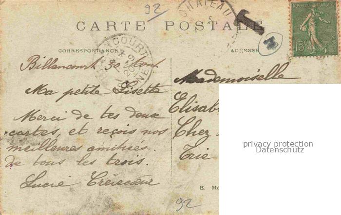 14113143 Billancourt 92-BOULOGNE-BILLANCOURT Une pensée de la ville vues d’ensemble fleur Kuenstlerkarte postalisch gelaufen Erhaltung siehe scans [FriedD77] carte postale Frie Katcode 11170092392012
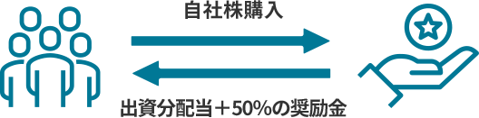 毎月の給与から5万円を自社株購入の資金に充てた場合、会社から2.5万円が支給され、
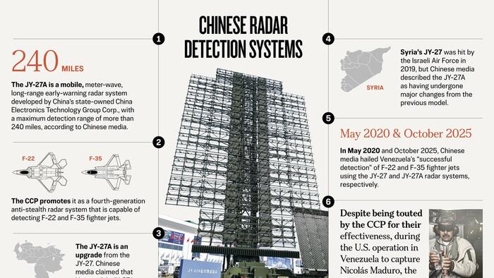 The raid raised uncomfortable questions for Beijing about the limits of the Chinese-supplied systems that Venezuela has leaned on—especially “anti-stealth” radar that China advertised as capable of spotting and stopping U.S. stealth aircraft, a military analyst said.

...

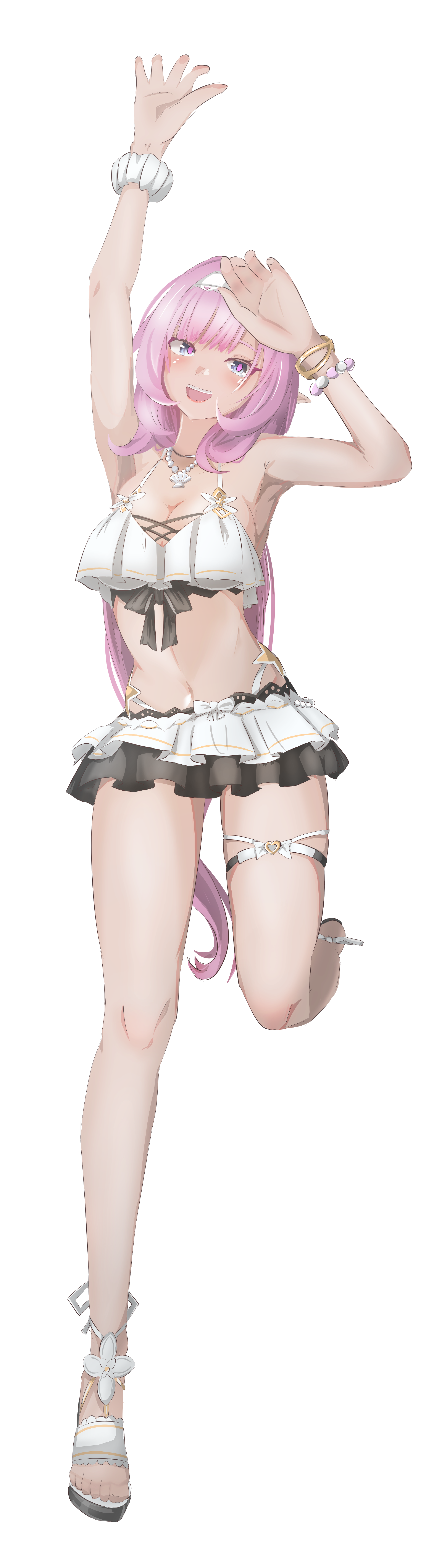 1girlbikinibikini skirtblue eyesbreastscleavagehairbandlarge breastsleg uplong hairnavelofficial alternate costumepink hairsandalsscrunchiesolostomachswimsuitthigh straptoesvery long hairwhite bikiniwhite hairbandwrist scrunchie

==

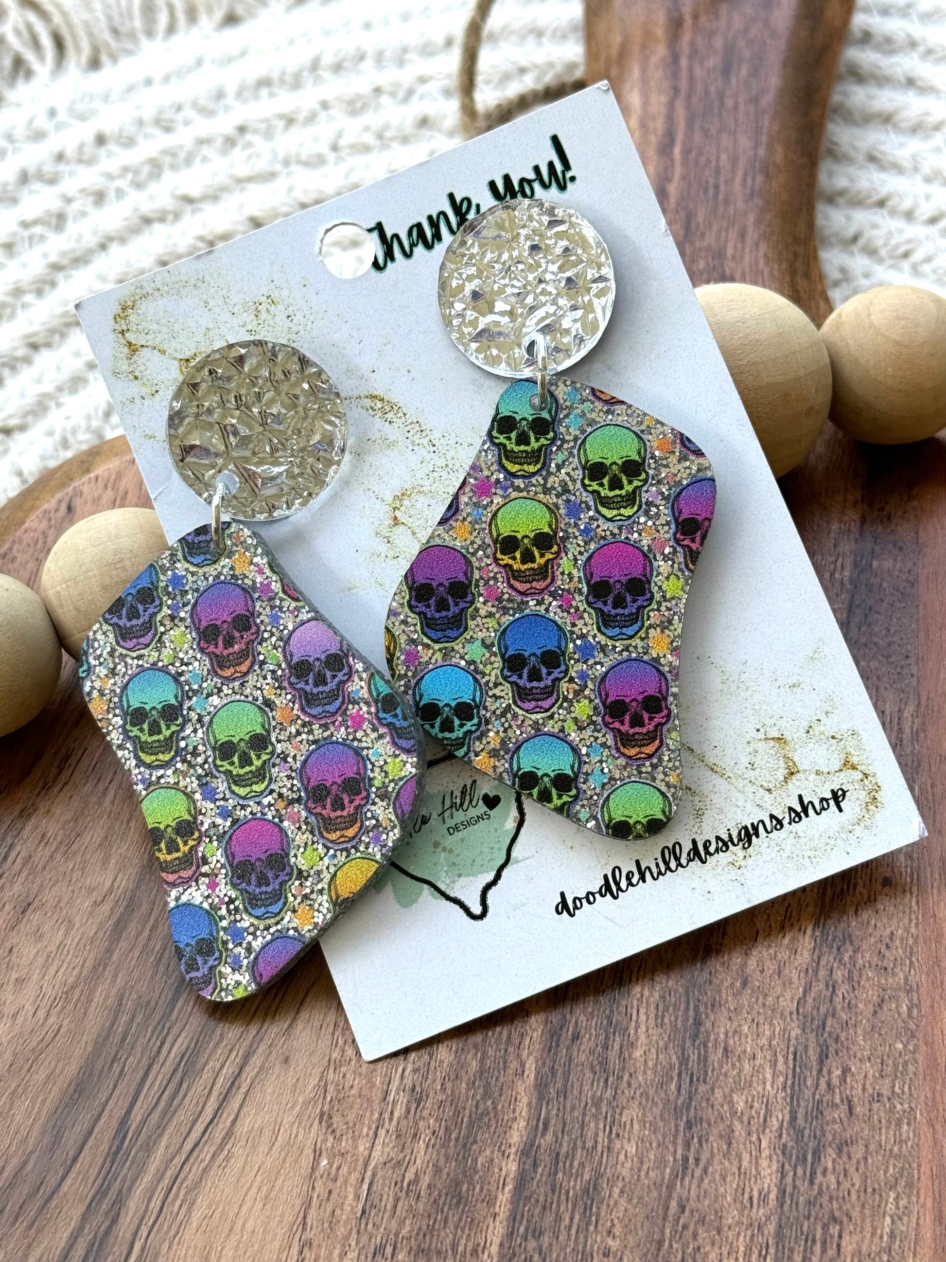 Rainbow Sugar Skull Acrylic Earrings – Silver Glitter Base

§ **About this task**
In the entries above, find the line containing "14113143 Billancourt 92-BOULOGNE-BILLANCOURT" and the line containing "The raid raised"; give again exactly those two lines and every line between them, minus the pictures.

§ **Answer for this exercise**
 14113143 Billancourt 92-BOULOGNE-BILLANCOURT Une pensée de la ville vues d’ensemble fleur Kuenstlerkarte postalisch gelaufen Erhaltung siehe scans [FriedD77] carte postale Frie Katcode 11170092392012
 毎月の給与から5万円を自社株購入の資金に充てた場合、会社から2.5万円が支給され、
 The raid raised uncomfortable questions for Beijing about the limits of the Chinese-supplied systems that Venezuela has leaned on—especially “anti-stealth” radar that China advertised as capable of spotting and stopping U.S. stealth aircraft, a military analyst said.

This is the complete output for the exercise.